# Fix for OBS Virtual Camera and Discord 0.0.266



## infoXczar (Mar 19, 2022)

Discord has generally never worked with the OBS Virtual Camera without some messing about under the hood, but the long-used technique that many of us have relied on with each Discord update ceased to work with 0.0.266 (and in fact broke the application). By digging around a bit on here, I managed to cobble together a method to restore virtual camera compatibility in this latest version of Discord.

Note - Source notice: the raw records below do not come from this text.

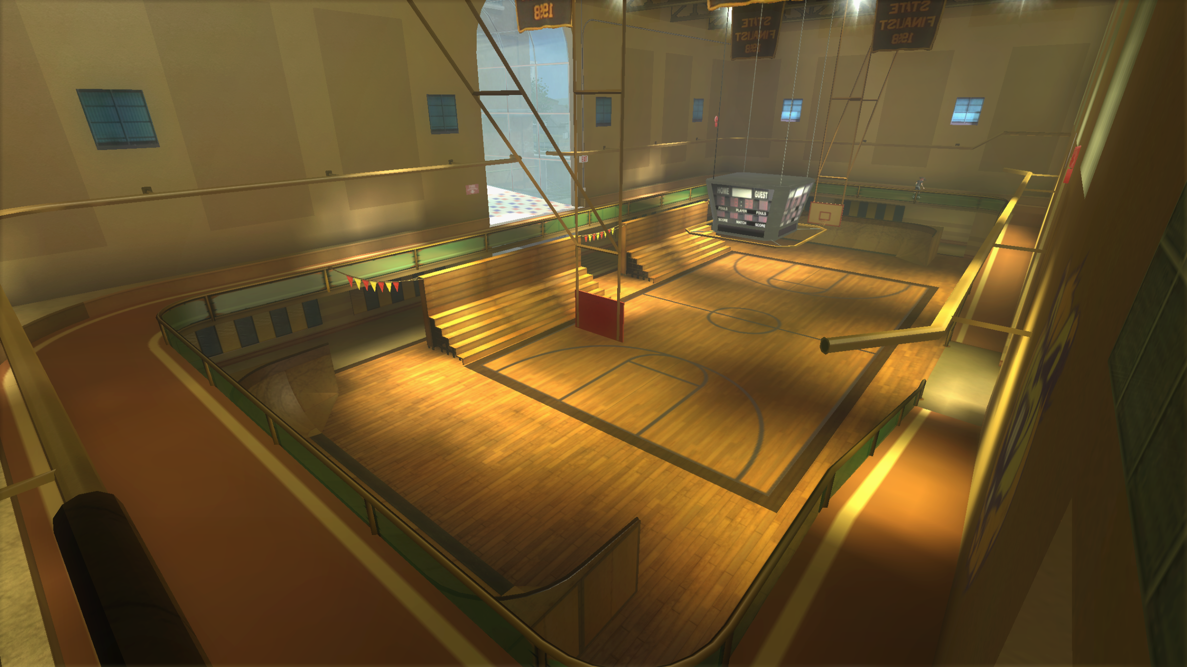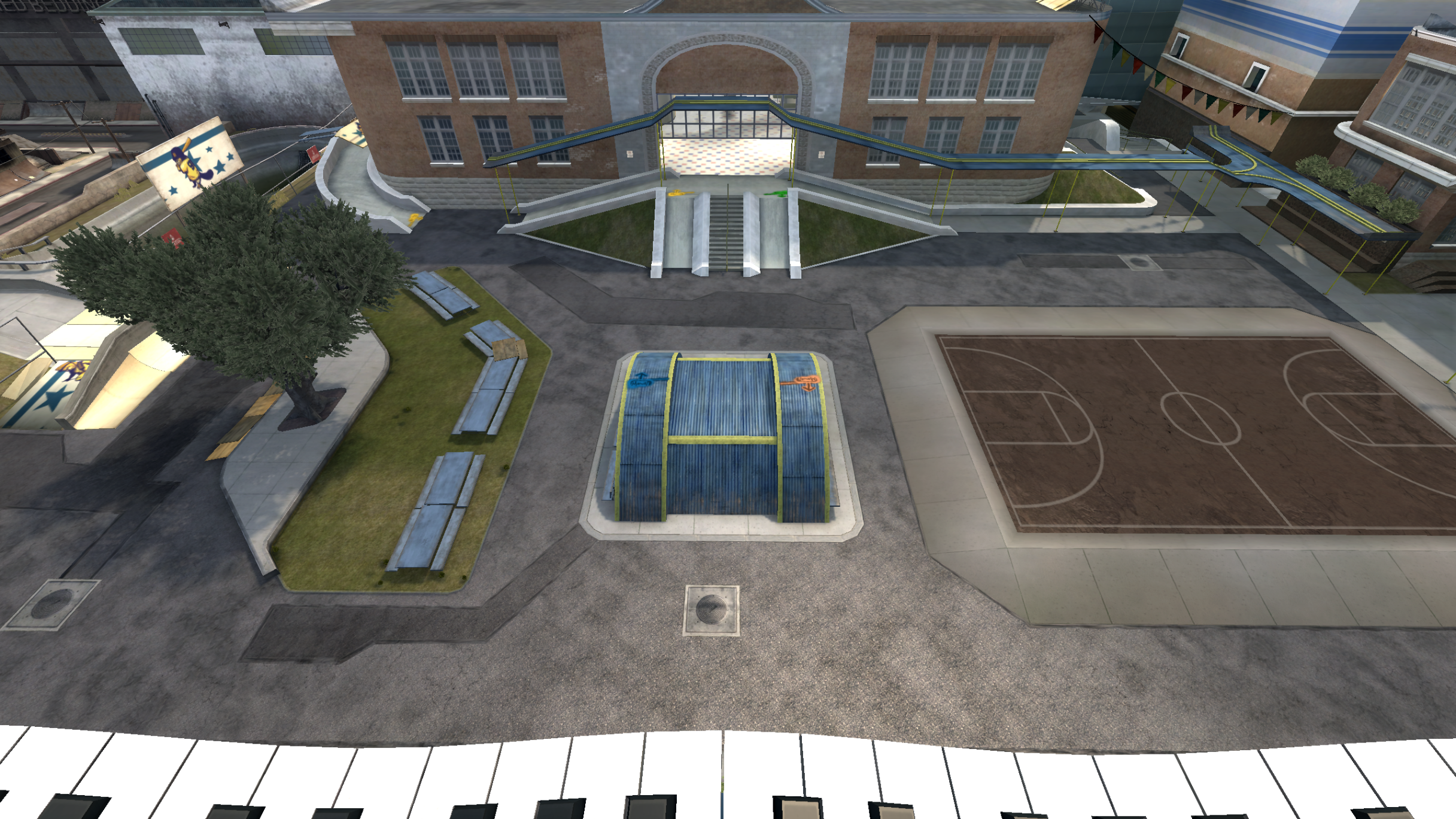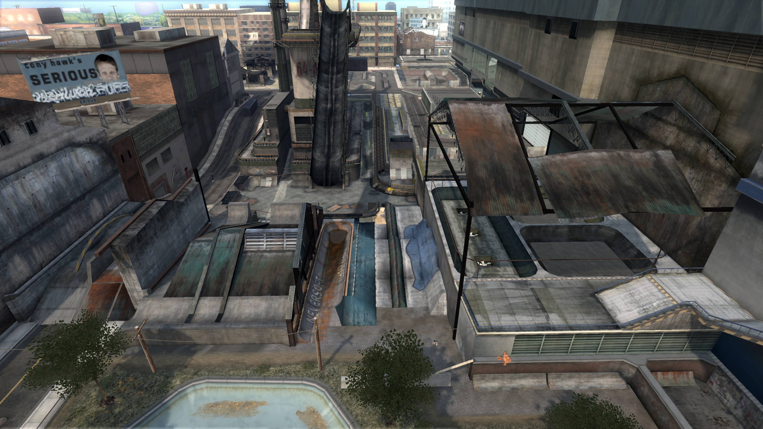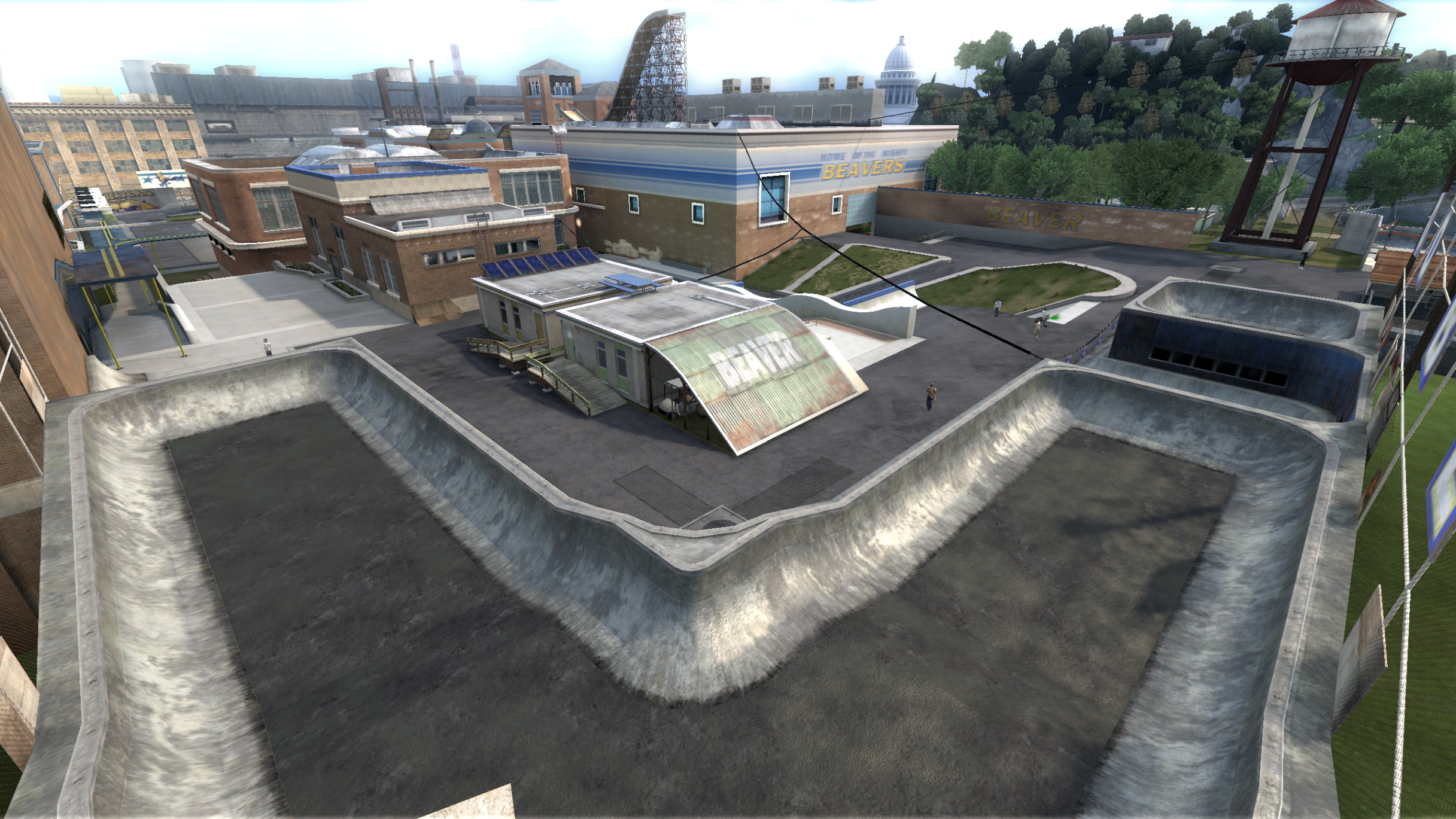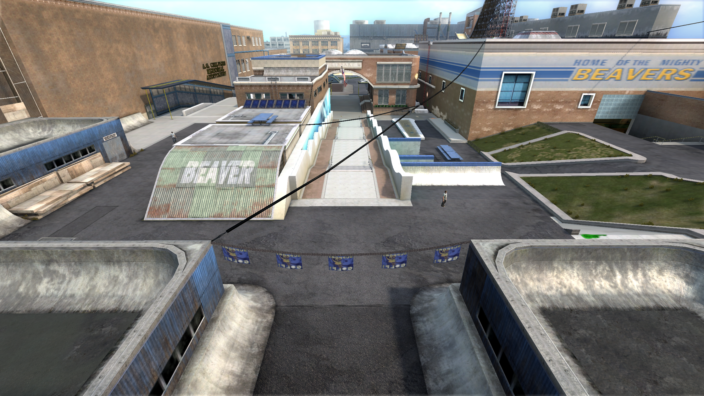 My main objective was to build a fun School level with a skateable exterior *and* interior. Up until this point, there have been at least 3 school levels in the series but none with skateable interior hallways.
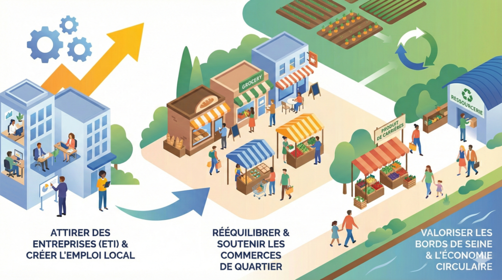 Carrières-sur-Seine doit retrouver un dynamisme économique à la hauteur de son potentiel. Une ville attractive n’est pas seulement résidentielle : elle crée de l’activité, soutient ses commerces et valorise ses ressources locales. Notre ambition est claire : faire vivre nos quartiers et développer l’emploi de proximité.
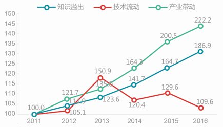 知识溢出指数稳步提升,2016年的指数值为186.9。从具体指标看,国际科技论文被引频次是拉动指数上升的重要动力,年均增速达21.9%。
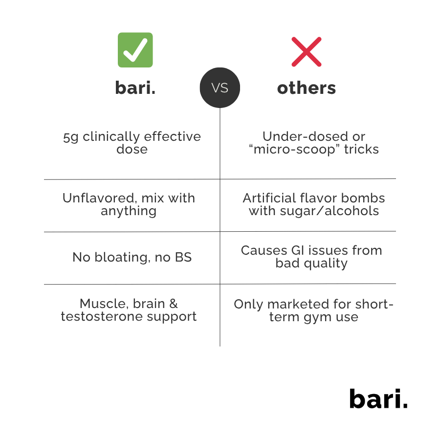 Unlock your strength and size potential with the most studied and effective supplement in the game. Bari’s Creatine Monohydrate is 100% pure, clean, and dosed for real results. Whether you’re bulking, cutting, or trying to gain respect in the gym — creatine is the foundation*
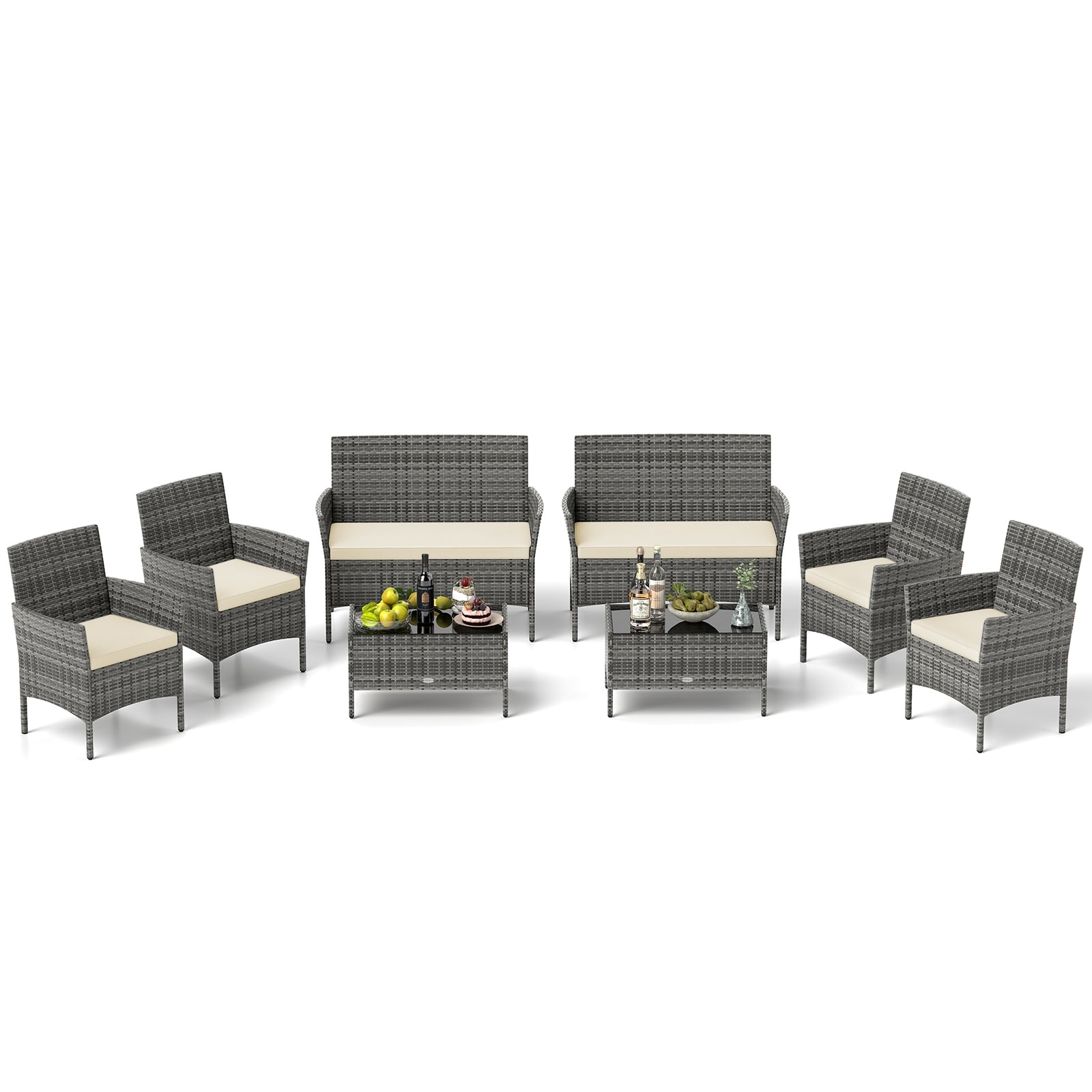 Gymax Set Of 8 Patio Furniture Set w/Washable Cushions & Tempered

I was using this post about the M1-native Discord Canary as a template: https://obsproject.com/forum/threads/obs-virtual-cam-to-discord.133437/post-555299

So these were the two commands I used for Discord 0.0.266 (which I think is now Canary? It seems to be a Universal app with Intel and M1 code, and it's what you're given if you now try to download Canary):

codesign --remove-signature /Applications/Discord.app/Contents/Frameworks/Discord\ Helper\ \(Renderer\).app
codesign -s - /Applications/Discord.app/Contents/Frameworks/Discord\ Helper\ \(Renderer\).app

Discord then launches properly, and OBS Virtual Camera once again shows up in my Voice & Video preferences.

Hope this helps!


----------



## CertifiedNoob1337 (Mar 22, 2022)

Thank you so much for this bruh, I was searching all around the internet for days & even made posts up on reddit trying to figure out this problem. This worked 100% and I can now see my OBS pop up as one of the options, thanks man I really appreciate it


----------



## rscullyvt (Mar 22, 2022)

Thanks. This worked for me on 2 separate M1 Macs. Much appreciated.


----------



## stevied (Oct 12, 2022)

Just in case anyone was wondering, the codesign commands also works on Intel macs.


----------



## infoXczar (Dec 11, 2022)

Welp, this fix has worked reliably with new versions of Discord since March, but as of today OBS virtual camera is not visible in the latest Discord (it was working two days ago) and the attempted fix yields this new error:

/Applications/Discord.app/Contents/Frameworks/Discord Helper (Renderer).app: internal error in Code Signing subsystem

Anyone got any ideas? (P.S. tried with sudo as well, same error)


----------



## infoXczar (Dec 12, 2022)

Never mind, turns out it was due to a change in how macOS handles security settings in Ventura, and I found the useful tidbit here: 






						Wiki - MacOS Virtual Camera Compatibility Guide | OBS
					

A list of programs this is currently compatible with. Please note that this list is not complete. Also note you have to fully restart the program you are using to recognize the …




					obsproject.com
				




The important bit is "On Ventura and above you may get a permission denied when signing. If you get this you need to open System Settings, Privacy & Security, App Management and give permission to your Terminal program. Alternatively, move Discord.app to your Downloads directory, modify it there and then move it back to Applications."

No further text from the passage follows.